Activites around Balikpapan Oil Refinery, July 1945
Invasions
The OBOE operations themselves were spectacular and more lavishly supported than any other Australian operation of the war. The AIF was at the peak of its efficiency. The 7th and 9th Divisions were experienced, their soldiers were well trained and drilled in their tasks, and its leaders were battle-hardened. The RAN and RAAF were also prominent in each operation, with vessels from minesweepers to heavy cruisers participating in the invasion. Australian fighters and bombers, including four-engine heavy bombers, were constantly overhead. Each operation was conducted successfully, with skill and bravery.

Men with the Australian New Guinea Administrative Unit unload caskets for reburial at Wewak war cemetery, Cape Wom, 23 October 1945. Photographer unknown.
OBOE One took place on 1 May when the 9th Division’s 26th Brigade landed on Tarakan. Despite the copious quantity of firepower available, tough fighting took place in the hills and jungles around the township. It was in this fighting that Lieutenant Tom “Diver” Derrick VC DCM died from wounds.

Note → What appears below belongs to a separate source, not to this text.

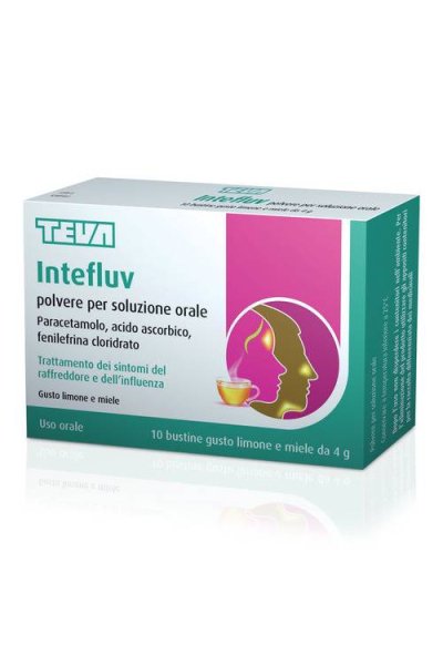 AvvertenzeDurante il trattamento con paracetamolo, prima di assumere qualsiasi altro farmaco controllare che non contenga lo stesso principio attivo, poiché se il paracetamolo è assunto in dosi elevate si possono verificare gravi reazioni avverse. I prodotti a base di paracetamolo devono essere somministrati con cautela a pazienti con insufficienza epatocellulare da lieve a moderata (compresa la sindrome di Gilbert), insufficienza epatica grave, epatite acuta, in trattamento concomitante con farmaci che alterano la funzionalità epatica. Invitare il paziente a contattare il medico prima di associare qualsiasi altro farmaco (vedere anche la sezione 4.5). È sconsigliato l’uso del prodotto se il paziente è in trattamento con antiinfiammatori. Non somministrare per oltre 3 giorni consecutivi senza consultare il medico. INTEFLUV contiene saccarosio: i pazienti affetti da rari problemi ereditari di intolleranza al fruttosio, da malassorbimento di glucosio-galattosio o da insufficienza di sucrasi-isomaltasi non devono assumere questo medicinale. INTEFLUV contiene circa 23 mg di sodio per bustina equivalente all’1,15% dell’assunzione massima giornaliera raccomandata dall’OMS che corrisponde a 2 g di sodio per un adulto.

For many people, the death of a brave, well-respected and much loved soldier epitomises the futility of the Borneo campaign. Worse, the point of invading Tarakan was that its airfields could be used to support later operations – but when taken, the airfields could not be made ready in time. Fighting on the small island was intense until mid-June, with skirmishes continuing afterwards. Altogether, 225 Australians were killed on Tarakan and 669 were wounded.
The rest of the 9th Division landed in Brunei Bay and Labuan Island in north Borneo on 10 June with the task of securing the bay and surrounding area. This was accomplished by mid-July, and for the rest of the war most of the division’s efforts were taken up with civic action, administering and caring for the nearly 70,000 civilians in the area. During this operation, 114 Australians were killed or died of wounds, and 221 were wounded.
MacArthur allocated the 7th Division’s Balikpapan operation an unprecedented amount of air and naval support. Balikpapan was pounded for nearly three weeks in what was the longest pre-landing bombardment for any amphibious operation of the war. The invasion armada numbered over 250 vessels.
Dawn on 1 July revealed what veterans later described as a “terrifying scene”. Clouds of black oily smoke from the bombed refineries blanketed the beach, buildings lay in rubble, and fires burned all along the coast. In the short but sharp fighting that followed, the Japanese resisted fiercely where they could, but within three weeks the town, harbour and surrounding territory were secured, and the Australians were carrying out deep patrols beyond Balikpapan. When the war came to an end a few weeks later, 229 Australians had been killed during this campaign and 634 wounded.
It is beyond question that in 1944 and 1945 Australian soldiers were fighting and dying in areas where their blood and sweat could do nothing to hasten Japan’s surrender.
But this does not mean that these campaigns were an “unnecessary waste”. They were fought in an aggressive manner in order to shorten the campaigns and free up Australian manpower. They were also fought in accordance with the Australian government’s clear desire and intention to see Australian servicemen shouldering such a burden of the fighting as would ensure favourable post-war political positioning. The criticisms and justifications for the later OBOE operations are similar to those for the Mandated Territories, with the Borneo campaign, perhaps more than any other, conducted for political rather strategic reasons. Yet even with the Balikpapan campaign, the government demonstrated Australia’s commitment to MacArthur and honoured the original directive that had established the SWPA.